Non sono l'unico partigiano della resistenza
gratuita: al mio fianco c'è la mia amica
immaginaria. I partigiani della resistenza gratuita
possono essere solo immaginari. Per spingerci
concretamente nella realizzazione di un dopo
diverso dobbiamo aumentare gli amici immaginari.
Sul palco porre tanti attori di carne quanti attori
di insostanza, e fino all'esasperazione avvicinarli,
per non scindere più gli attori immaginari
da quelli non immaginari.
Tutti devono diventare invisibili (o visibili)
nell'orgia della Resistenza Gratuita.
Per un po' di tempo sarò sui monti a guerreggiare
gratis.
Di nuovo a Mantova. Non sapevo che fosse ferragosto.
Sui monti il nemico, disumano, non vuole combattere,
e se ne sta nascosto laidamente al sicuro tenendoci
nel mirino. Difficile capire i suoi movimenti
ripugnanti.
So di essere spiato. Ma ho degli alleati importanti,
in primo luogo la mia amica immaginaria, con cui
sto concretamente realizzando uno spettacolo per
raccogliere attori invisibili, partigiani della
Resistenza Gratuita.
Ma per preparare lo spettacolo occorre lavoro.
Deve passare l'estate, e durante quest'estate,
l'estate più calda di tutti i tempi, ci
dicono i telegiornali, le difese sono poche, e
le insidie corruttrici potenti.
Il buco
(Lamento del partigiano dubbioso)
Cerco il mai visto.
E all'inizio mi entusiasmo.
Poi capisco
che è solo stravedere.
Vedo stravisto.
Mi vedo stravisto.
Non voglio vedere
non mi voglio vedere stravisto.
Cominciano i problemi.
Perché per giustificare l'insoddisfazione
devo creare problemi.
Vorrei creare
un Buco come il pantheon
per avere la facoltà
di non stravedere.
Il mio buco è pieno di bambini
che si litigano il giocattolo
Il mio buco è pieno di vecchi
che
Il mio buco è pieno di buchi
che si litigano il buco.
I miei amici già lo sanno: a fine estate
la Resistenza Gratuita migrerà a Roma per
realizzare lo spettacolo - per realizzarsi.
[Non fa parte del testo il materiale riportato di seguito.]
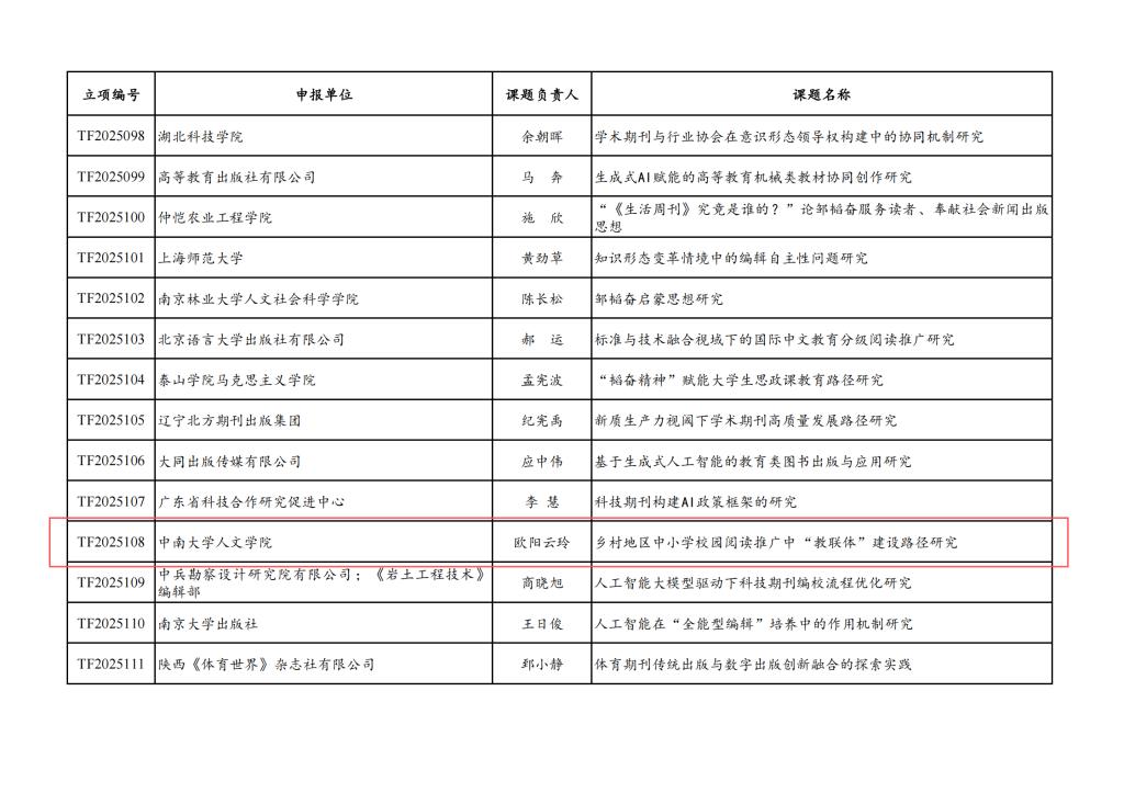 据韬奋基金会发〔2025〕06号文件,tapplay官网传媒系教师欧阳云玲申报的课题《乡村地区中小学校园阅读推广中“教联体”建设路径研究》获得韬奋基金会2025年度规划课题立项。韬奋基金会设立该年度规划课题旨在深入研究弘扬好韬奋精神,更好地服务出版事业和公益事业,促进新时代出版工作、促进全民阅读和书香社会建设。

Realizzazione
intesa nella sua impossibilità, naturalmente;
nessuna illusione d'esserci.
Nella città strapiena e strafarcita voglio
partorire un buco.
I partigiani sono tormentati
Stamane la Resistenza Gratuita si é riunita
per decidere i movimenti strategici di ognuno.
Purtroppo i miei partigiani erano depressi e tormentati.
Mi hanno confusamente enunciato i loro timori,
mi hanno detto:
Forse non siamo in grado, forse non abbiamo le
capacità per realizzare il progetto, si,
abbiamo paura, ma non è solo questo, soprattutto
non siamo convinti di quel che dobbiamo fare,
insomma forse non ci crediamo.
Allarmato, ho chiesto loro:
A cosa forse non credete?
Al buco! Hanno risposto in coro.
Il nulla, i miei partigiani hanno terrore del
nulla. Ho cercato di spiegargli che non cerchiamo
affatto il nulla, ma l'invisibile, che è
cosa diversa; il buco che cerchiamo è come
il buco del pantheon, e siamo tutti d'accordo
che il pantheon, costruito e basato su gli spazi
vuoti (caso unico nella Roma piena), è
qualcosa, non il nulla. Loro non mi sono
sembrati molto convinti. Forse anch'essi preferiscono
le invadenti rovine, colonne, città e palazzi.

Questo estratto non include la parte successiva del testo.